For the how-to of that one, I keep coming back to the disciples' question to the Master as to whether those who are to be saved are many and Jesus' answer/invitation to them to get going, to make haste and try themselves to enter by the narrow door. There is no escaping judgment; not everyone is going to be herded into the eternal security of the heavenly sheepfold: "sheep" will be separated from "goats". I have no doubts about when the invitation to choose the road less traveled is explained, then its proper icon will not be the overcrowded and joyous St. Peter's Square of the Church in festival. Personal conversion certainly is urgent, but no less so acting to throw a lifeline to that world around me hurtling towards hell.

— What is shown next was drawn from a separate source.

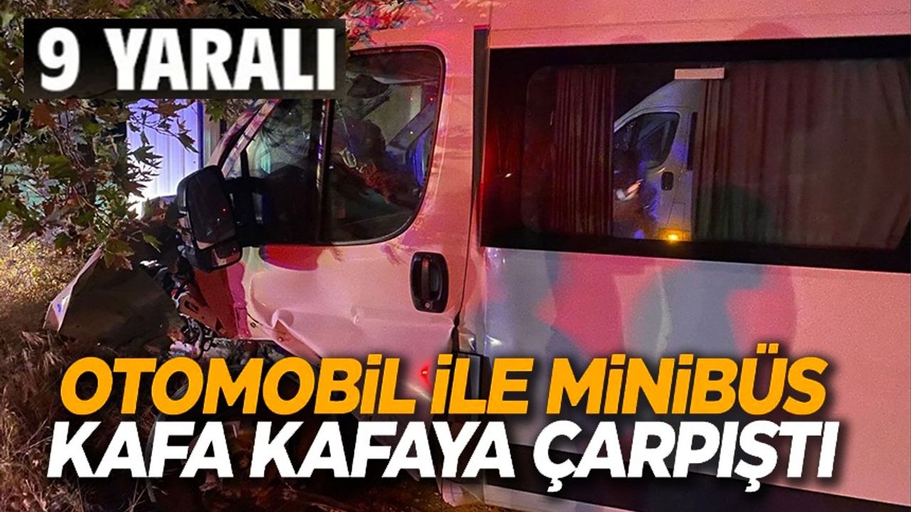 Bilecik'te minibüs ile otomobilin kafa kafaya çarpışması sonucu meydana gelen trafik kazasında 9 kişi yaralandı.

Pusillus grex: What sort of expectations did the Cardinals of the Church have in mind a month ago as they were going about their deliberations in preparation for the Conclave which elected Pope Francis? Were they really dissatisfied with the way things were going in the Church? Or is maybe all that journalistic shorthand for a zeal for God's House, which not everybody understands? Many out there in the blogosphere are trying to put the pieces together, to focus people basically distracted; theirs is the good fight again and again to read the continuity into what the media is presenting as novelty or discontinuity/rupture. Too many are without memory, fixing on this or that which is pointed out to them as novelty or decisive change, attending to wordcrafters unable to escape the logic of a scoop or whatever they call it today. It is hard for me many times not to think that "the opposition" has hijacked a beautiful experience of the Church discerning, by misinterpreting the work of the Cardinals under the guidance of the Holy Spirit and leaving us with red shoes and a hunk of fake ermine.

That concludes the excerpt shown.